• **Work instruction**
Once the line containing "Crip Time—a meditation" is found in the entries below, restate it and each following line word for word, stopping after the line containing "รศ.ดร.กานดา ชัยภิญโญ และ".

• **Records shown**
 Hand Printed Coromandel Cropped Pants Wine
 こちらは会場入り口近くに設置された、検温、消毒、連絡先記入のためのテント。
==
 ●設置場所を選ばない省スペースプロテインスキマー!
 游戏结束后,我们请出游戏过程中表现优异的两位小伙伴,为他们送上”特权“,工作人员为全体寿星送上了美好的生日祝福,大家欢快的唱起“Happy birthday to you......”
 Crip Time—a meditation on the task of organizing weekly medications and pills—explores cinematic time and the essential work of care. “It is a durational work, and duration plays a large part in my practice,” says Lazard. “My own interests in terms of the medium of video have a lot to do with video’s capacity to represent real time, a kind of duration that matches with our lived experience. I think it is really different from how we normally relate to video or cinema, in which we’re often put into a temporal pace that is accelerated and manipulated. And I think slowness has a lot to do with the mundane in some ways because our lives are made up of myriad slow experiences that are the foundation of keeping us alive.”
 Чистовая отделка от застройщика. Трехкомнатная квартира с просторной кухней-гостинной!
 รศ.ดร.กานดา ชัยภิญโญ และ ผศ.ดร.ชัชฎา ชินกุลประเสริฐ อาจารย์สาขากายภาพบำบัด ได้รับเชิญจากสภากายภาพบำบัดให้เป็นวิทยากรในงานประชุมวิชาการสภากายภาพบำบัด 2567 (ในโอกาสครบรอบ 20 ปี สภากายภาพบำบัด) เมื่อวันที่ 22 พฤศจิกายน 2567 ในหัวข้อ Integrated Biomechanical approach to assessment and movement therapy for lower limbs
* * *
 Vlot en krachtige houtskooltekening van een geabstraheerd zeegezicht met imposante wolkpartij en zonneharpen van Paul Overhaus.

• **Output below**
 Crip Time—a meditation on the task of organizing weekly medications and pills—explores cinematic time and the essential work of care. “It is a durational work, and duration plays a large part in my practice,” says Lazard. “My own interests in terms of the medium of video have a lot to do with video’s capacity to represent real time, a kind of duration that matches with our lived experience. I think it is really different from how we normally relate to video or cinema, in which we’re often put into a temporal pace that is accelerated and manipulated. And I think slowness has a lot to do with the mundane in some ways because our lives are made up of myriad slow experiences that are the foundation of keeping us alive.”
 Чистовая отделка от застройщика. Трехкомнатная квартира с просторной кухней-гостинной!
 รศ.ดร.กานดา ชัยภิญโญ และ ผศ.ดร.ชัชฎา ชินกุลประเสริฐ อาจารย์สาขากายภาพบำบัด ได้รับเชิญจากสภากายภาพบำบัดให้เป็นวิทยากรในงานประชุมวิชาการสภากายภาพบำบัด 2567 (ในโอกาสครบรอบ 20 ปี สภากายภาพบำบัด) เมื่อวันที่ 22 พฤศจิกายน 2567 ในหัวข้อ Integrated Biomechanical approach to assessment and movement therapy for lower limbs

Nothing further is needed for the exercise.